Problem description
For the entries that follow, set down each one exactly and drop any pictures.

Data records
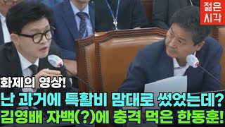 한동훈 "지난 정부 특활비 내역이랑 비교해보자!" 는 말에 당황한 민주당 김의겸!
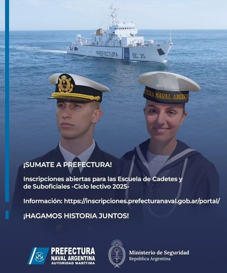 La Prefectura del Comahue, con sede central en la capital neuquina, informó que se encuentra abierta la convocatoria para jóvenes de ambos sexos, interesados en ingresar a los Institutos de formación que tiene la autoridad marítima nacional. El plazo para anotarse se extiende hasta el 30 de agosto.
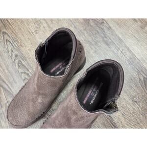 Skechers Bikers-Zippiest-Moc-Toe Outside Zip Bootie Ankle Boots Shoes Brown 7
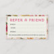 Spa ou carte de visite de référence de thérapeute de massage. Carte de visite fait sur commande de référence avec une promotion de référence pour récompenser vos clients pour se référer leurs amis. La carte a une lumière moderne et une conception florale. Grand pour lancer vos affaires de thérapie de spa ou de massage et pour augmenter votre liste de client. Entrez dans votre propres promotion, dénis de responsabilité et information de l'entreprise. Perfectionnez pour un spa, un thérapeute de massage, un acupuncteur, ou un magasin de herboriste.
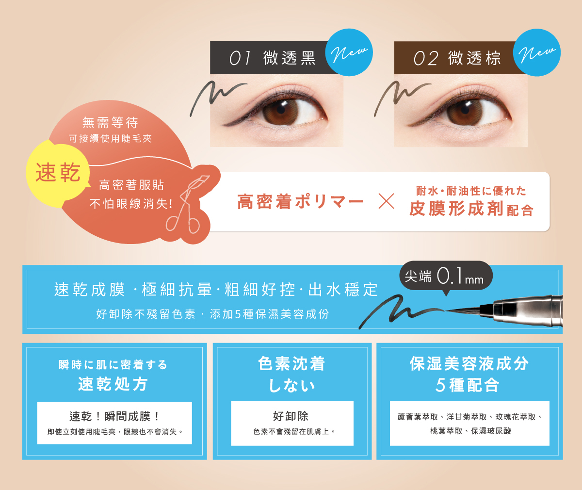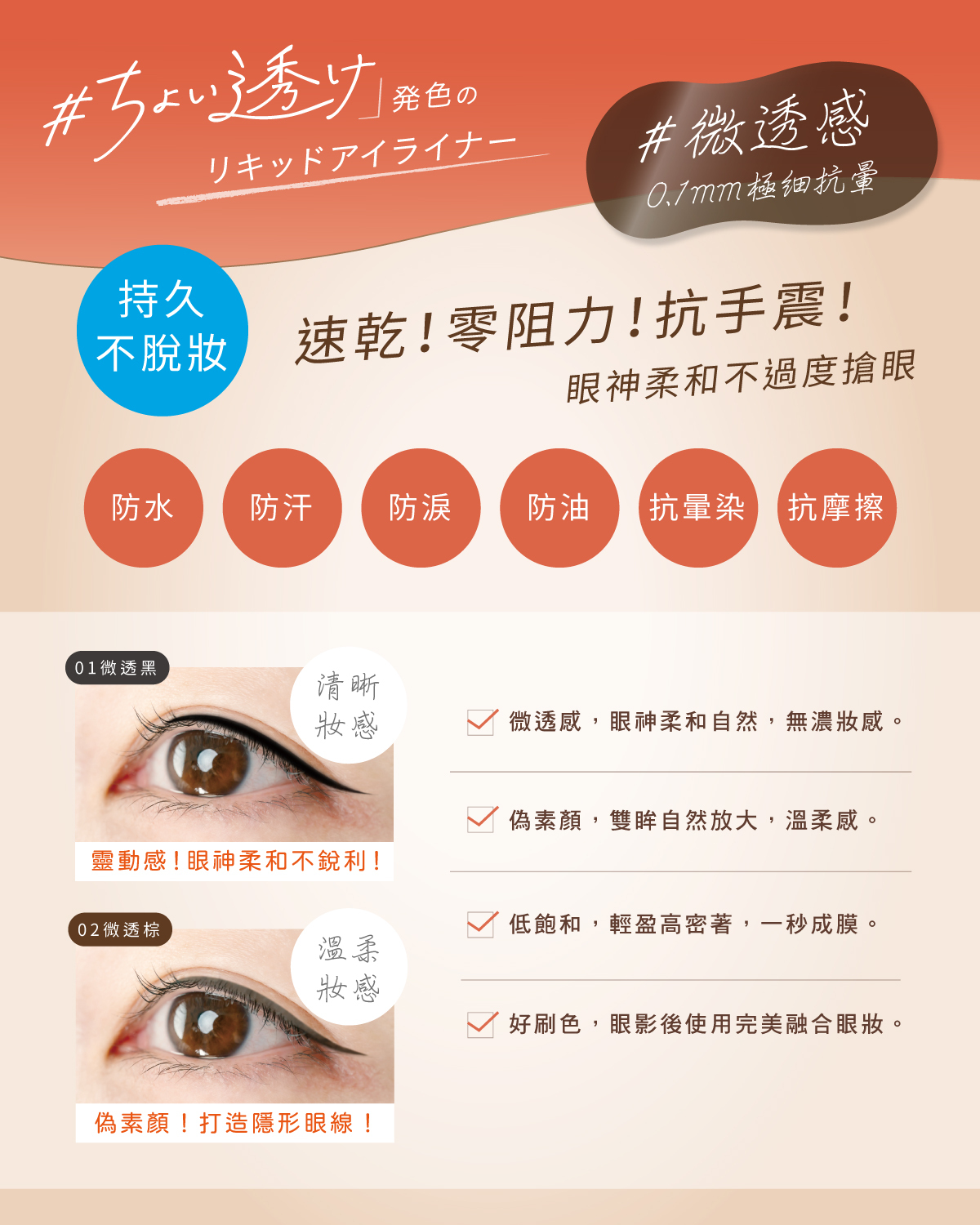 具有透明感的色澤,演繹自然脫俗雙眸.防水,防汗,抗皮脂,抗摩擦.速乾配方不易暈染. 0.1mm的極細筆尖,輕鬆勾勒完美線條.不易造成色素沉澱.含5種保濕美容成分.

Response to this exercise
 한동훈 "지난 정부 특활비 내역이랑 비교해보자!" 는 말에 당황한 민주당 김의겸!
 La Prefectura del Comahue, con sede central en la capital neuquina, informó que se encuentra abierta la convocatoria para jóvenes de ambos sexos, interesados en ingresar a los Institutos de formación que tiene la autoridad marítima nacional. El plazo para anotarse se extiende hasta el 30 de agosto.
 Skechers Bikers-Zippiest-Moc-Toe Outside Zip Bootie Ankle Boots Shoes Brown 7
 Spa ou carte de visite de référence de thérapeute de massage. Carte de visite fait sur commande de référence avec une promotion de référence pour récompenser vos clients pour se référer leurs amis. La carte a une lumière moderne et une conception florale. Grand pour lancer vos affaires de thérapie de spa ou de massage et pour augmenter votre liste de client. Entrez dans votre propres promotion, dénis de responsabilité et information de l'entreprise. Perfectionnez pour un spa, un thérapeute de massage, un acupuncteur, ou un magasin de herboriste.
 具有透明感的色澤,演繹自然脫俗雙眸.防水,防汗,抗皮脂,抗摩擦.速乾配方不易暈染. 0.1mm的極細筆尖,輕鬆勾勒完美線條.不易造成色素沉澱.含5種保濕美容成分.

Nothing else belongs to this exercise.